I see so it does go back to normal right?

lets say your genetic T is at 800 it would go back to there if you sleep good and your nutrition is good


----------



## Xulane (Feb 12, 2021)

Nonstoplooksmax said:


> I see so it does go back to normal right?
> 
> lets say your genetic T is at 800 it would go back to there if you sleep good and your nutrition is good


Maybe man, there are way to many factors you can look those up.


----------



## .👽. (Feb 12, 2021)

Chinacurry said:


> Holy shit OP, I started today, had no idea how hard it was to get these quantities in, but I am going SLIGHTLY lower than you, because I know D3 at 50,000ui can be toxic, so in going half on the d3, K2, and ashwagandha.
> 
> The problem is tongkat Ali, I got this one below, which Amazon assures me is tongkat Ali, but Jesus Christ it's the worst thing I ever tasted, how the hell do you take it? I just plain scooped the powder onto my tongue!
> 
> View attachment 939622


Yes it tastes sooo fking terrible im closde to puking every time. 

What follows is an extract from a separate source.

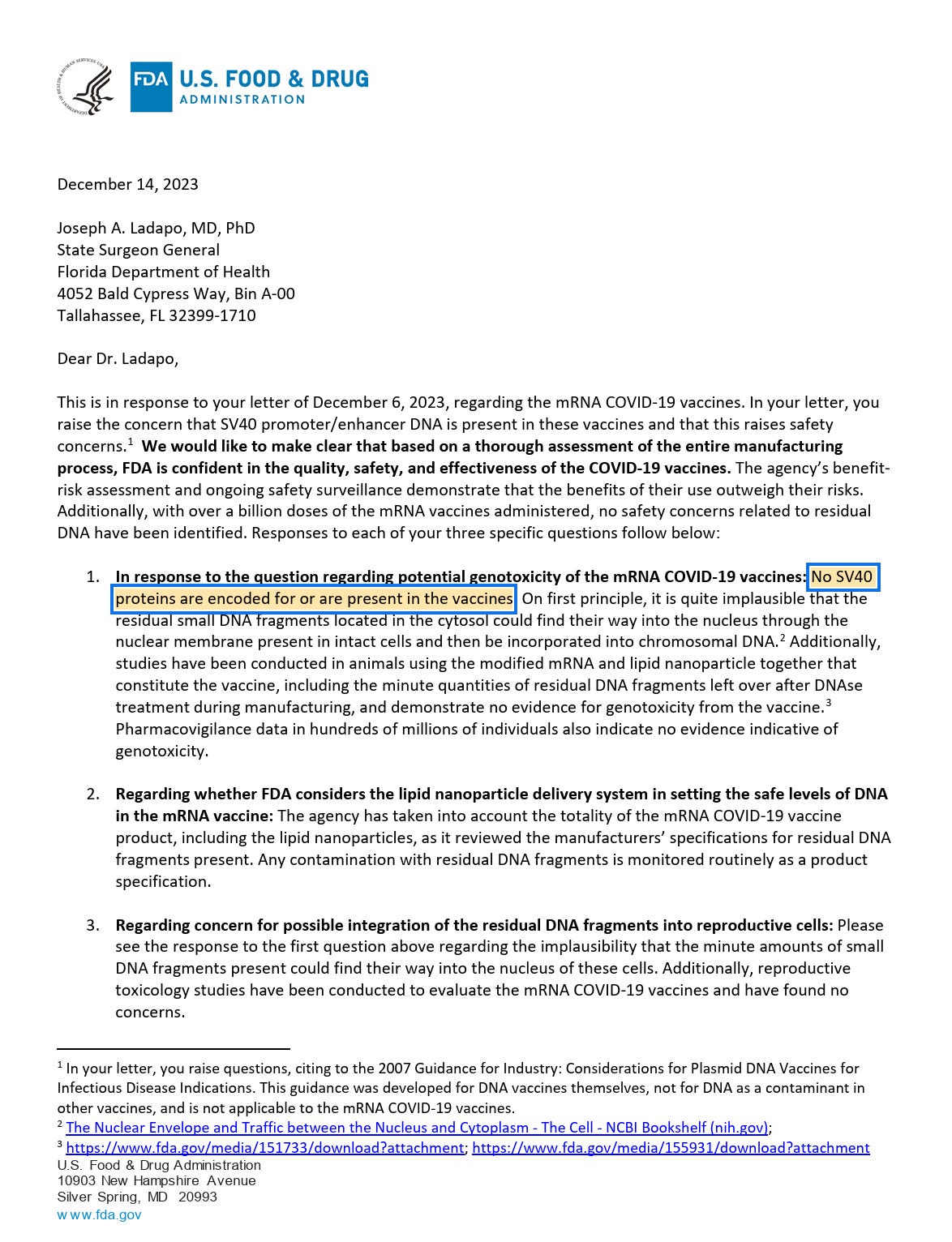 In summary, It is not accurate for Pfizer to claim that none of this residual plasmid DNA is expressed into a protein in mammalian cells. This is important as it demonstrates that Peter Marks lied to Dr. Ladapo in his response to Dr. Ladapo’s concerns over this. Not only are proteins predicted to be expressed from these fragments, but they are amyloidogenic and can trigger the fibrinogen pathway; an adverse event that is quite obvious in the vaccine injured.

I put a little bit water in my mouth, than out the pulver directly in my mouth and swallow it fast. You will still taste it but not as bad as when you put it in a glass and drink it


----------



## .👽. (Feb 12, 2021)

Xulane said:


> I put the powder on my tongue and throw in some water before. Now I make capsules so theres no taste


Which capsules are u using?


----------



## Xulane (Feb 12, 2021)

Hopelessmofoker said:


> Which capsules are u using?


000 capsules


----------



## Spinc (Feb 16, 2021)

Xulane said:


> 000 capsules


Hey man, I'm looking for sources of Tongkat Ali that are cheaper to ship to Australia. Is this one as good quality as your source?









Tongkat Ali Longjack, 1200 mg (per serving), 120 Capsules | PipingRock Health Products


Buy Discounted Tongkat Ali Longjack, Vitamins & Supplements online at PipingRock.com



au.pipingrock.com





I noticed it mentions a 200:1 ratio, not sure what that means?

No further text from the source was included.